我有一个库存数据集,我正在尝试预测"最后"价格提前5天。我使用RandomForestRegressor来预测" last"价钱。 这是" last"的时间序列。价钱。
以下是预测价格:
[ 56.45819 56.56159 57.05353 57.64981 57.85363]
和R平方值得分:
0.999883402515
观察时间序列,最后的价格随着时间的推移而增加,但是,我的预测结果并不意味着这个事实。预测范围为50-60。
以下是代码:
class StockPricePrediction(object):
trainData = pd.DataFrame()
testData = pd.DataFrame()
fullData = pd.DataFrame()
features = []
target_col = ''
def __init__(self, priceTrainData, priceTestData, priceFullData, featuresOfInterest, target_column):
#read csv data set
self.trainData = pd.read_csv(priceTrainData)
self.testData = pd.read_csv(priceTestData)
self.fullData = pd.read_csv(priceFullData)

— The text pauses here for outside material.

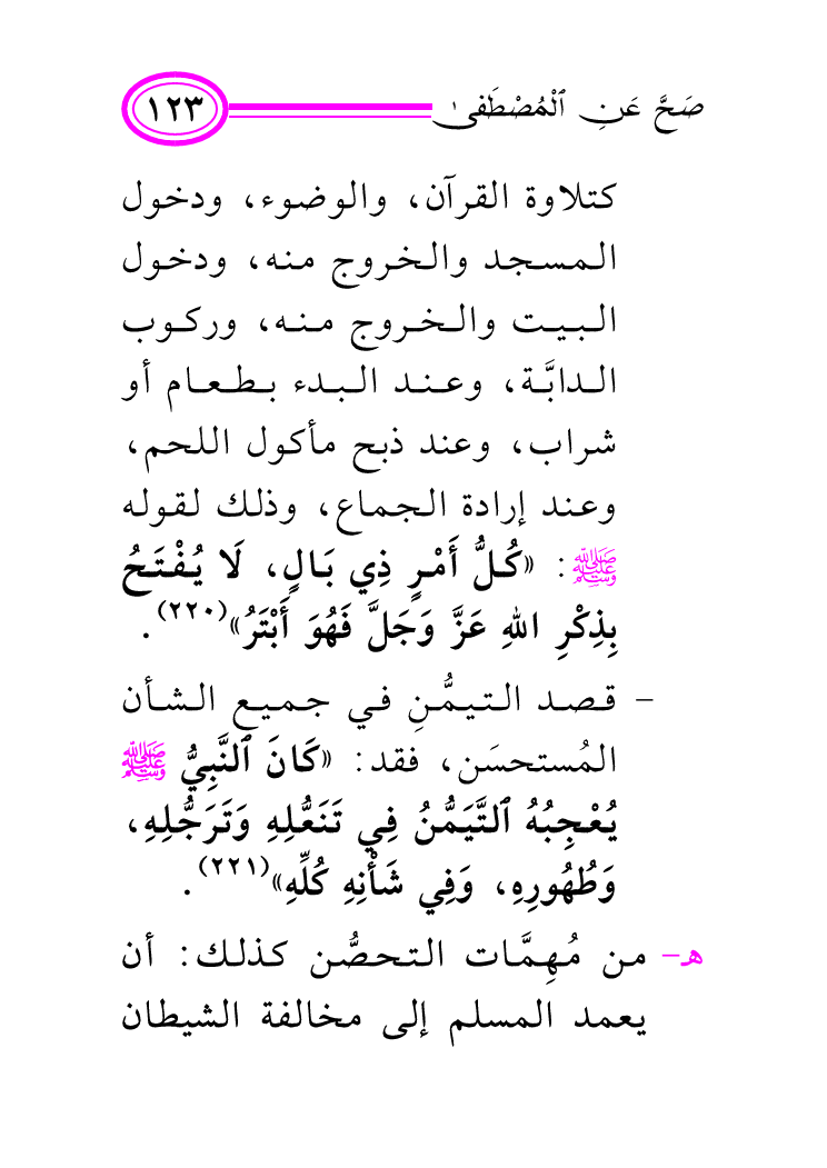 (¬220) أخرجه أحمد في مسنده (2/359) ، من حديث أبي هريرة رضي الله عنه، وهو في مصنف عبد الرزاق بمعناه، برقم (10455) وبرقم (20280) ، وكذا هو عند البيهقي في «الكبرى» برقم (10331) . كل ذلك بلفظ: «فَهُوَ أَبْتَرُ» ، وعند أبي داود؛ كتاب: الأدب، باب: الهدى في الكلام، برقم (4840) ، عن أبي هريرة رضي الله عنه أيضًا، بلفظ «فَهُوَ أَجْذَمُ» .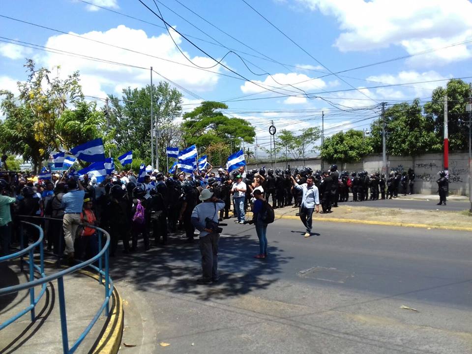 Mediaron, hablaron con los antimotines, prácticamente los pintaron con los colores de la bandera de Nicaragua azul y blanco, algunos hasta dirigían su vista al piso, pero no les pudieron ni quitar el nombre de la persona que estaba a cargo de ubicar tres líneas de antimotines, exactamente comenzando el portón principal de donde es el antiguo Hospital Militar.

self.features = ['low', 'high', 'open', 'annualized_volatility', 'weekly_return','daily_average_volume_10','daily_average_volume_30','market_cap', 'monthly_return']
self.target_col = 'last'
self.trainData['Type'] = 'Train'
self.testData['Type'] = 'Test'
def predict(self, numberOfPredictions):
print("features")
print(self.features)
x_train = self.trainData[list(self.features)].values
y_train = self.trainData[self.target_col].values
x_test = self.testData[list(self.features)].values
print("Train data:")
rf = RandomForestRegressor(n_estimators = 1000)
rf.fit(x_train, y_train)
status = rf.predict(x_test[0:numberOfPredictions])
print("Train Data Predictions:")
print(status)
print("Train Data R square value score:")
print(rf.score(x_train, y_train))
我想知道我哪里出错了?关于实现新算法的任何建议或如何改进此算法。